Alzheimer's Research and Treatment
Examining the Roots and Research of a Neurodegenerative Disease
Jul 23, 2007
Alzheimer's disease may have to do with actions of proteins in the brain. Abnormal protein formation, accumulation of protein plaques, presence of tangled microtubules in brain cells and interactions between amyloid proteins and amyloid enzymes could all play a role.
A peptide is a sequence of 10 to 100 amino acids that link with other peptides to form a polypeptide strand. That strand then folds into a convoluted protein structure, but under certain conditions - which remain unknown to science - polypeptides can fold abnormally. Researchers are discovering how such protein misfolding may lead to Alzheimer's disease.
According to the American Health Assistance Foundation, the "formation of amyloid plaques and neurofibrillary tangles are thought to contribute to the degradation of the neurons (nerve cells) in the brain and the subsequent symptoms of Alzheimer's disease."
A postmortem diagnosis of Alzheimer's disease can be determined by the presence of dense accumulations of insoluble amyloid protein plaques between neurons. Inside diseased brain cells can be found tangles of insoluble protein microtubules, called neurofibrillary tangles. Such microtubules normally carry nutrients from one part of the cell to another, but in a diseased cell, they collapse and get twisted up. Normally, damaged microtubules would be broken down, and eliminated as waste.
The main element of amyloid plaque build-up in Alzheimer's sufferers is a peptide known as amyloidβ. Aβ is composed of a sequence of 39-43 amino acids. Research has determined that various mutations in the original protein that Aβ separates from affect the amount of amyloid plaque build-up, and that Aβ42 is the main constituent. It has also been determined that Aβ40 is involved in the process, but that it may play a different role. Evidence suggests that Aβ40 may actually counteract Aβ42 aggregation, since the "ratio of Aβ42⁄Aβ40, rather than total amount of Aβ, correlates with the load of characteristic [of Alzheimer's Disease] plaques in the brain," according to research done at Rensselaer Polytechnic Institute.
In one study, it was determined that macrophages, which help eliminate debris from brain tissue, do not operate efficiently in elderly patients with Alzheimer's.

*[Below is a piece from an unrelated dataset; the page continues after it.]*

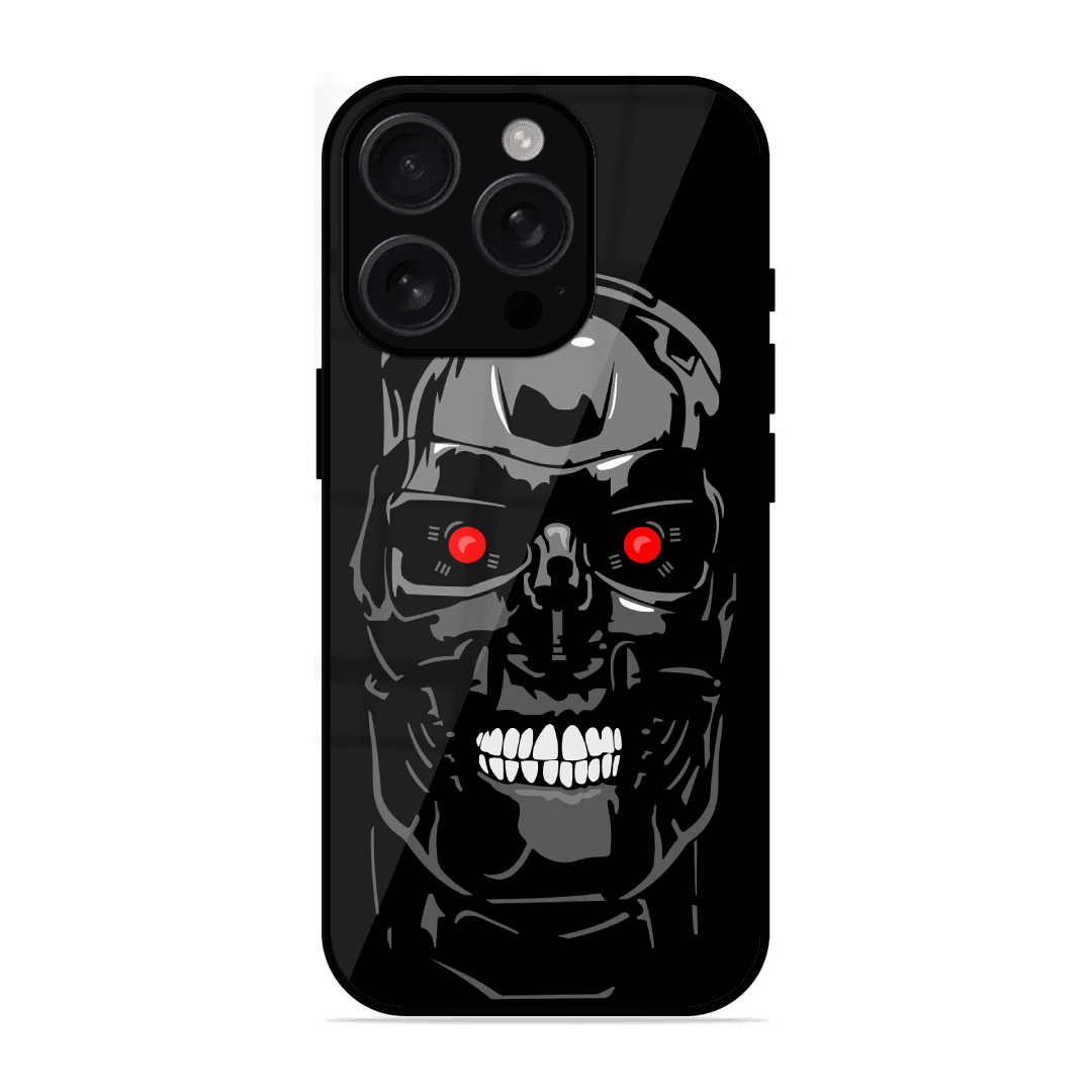 Tempered Glass Coated Metal Back Case for Apple Iphone 16 Pro Max Terminator Boss

These weak immune cells can not keep up with the amounts of amyloid proteins produced by the brain.
Then the researchers treated these weak macrophages with a chemical composition found in ground turmeric root - specifically bisdemethoxycurcumin - which strengthened the immune cells, making them more effective in the elimination of amyloid protein deposits.

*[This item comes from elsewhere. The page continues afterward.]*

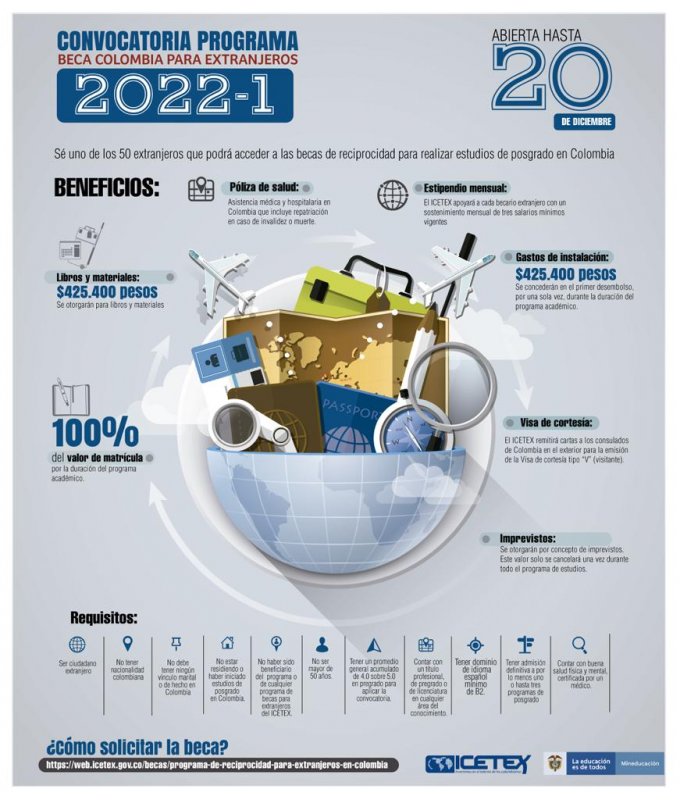 A bolsa é oferecida pelo Instituto de Crédito Educativo y Estudios Técnicos en el Exterior – Icetex e permite a estudantes estrangeiros realizar programas de pós-graduação em Instituições de Educação Superior colombianas com custo de matricula 100% patrocinado e apoio econômico para manutenção. A bolsa inclui benefícios como plano de saúde, visto de cortesia, ajuda de instalação e para aquisição de livros e materiais. Há 50 vagas disponíveis.

Scottish scientists have very recently discovered that brain cell damage can be caused by the interaction between amyloidβ and an enzyme named amyloidβ alcohol dehydrogenase. This reciprocal action causes a release of neurotoxic substances. Based on their new findings, these researchers developed an "inhibitor that can prevent amyloid attaching to it in a living model."
It should be noted: the theory suggesting that amyloid plague causes Alzheimer's disease is acceptable to most researchers, but still remains inconclusive. But research seems to be getting closer to effective preventive treatments for this infamous neurodegenerative disease.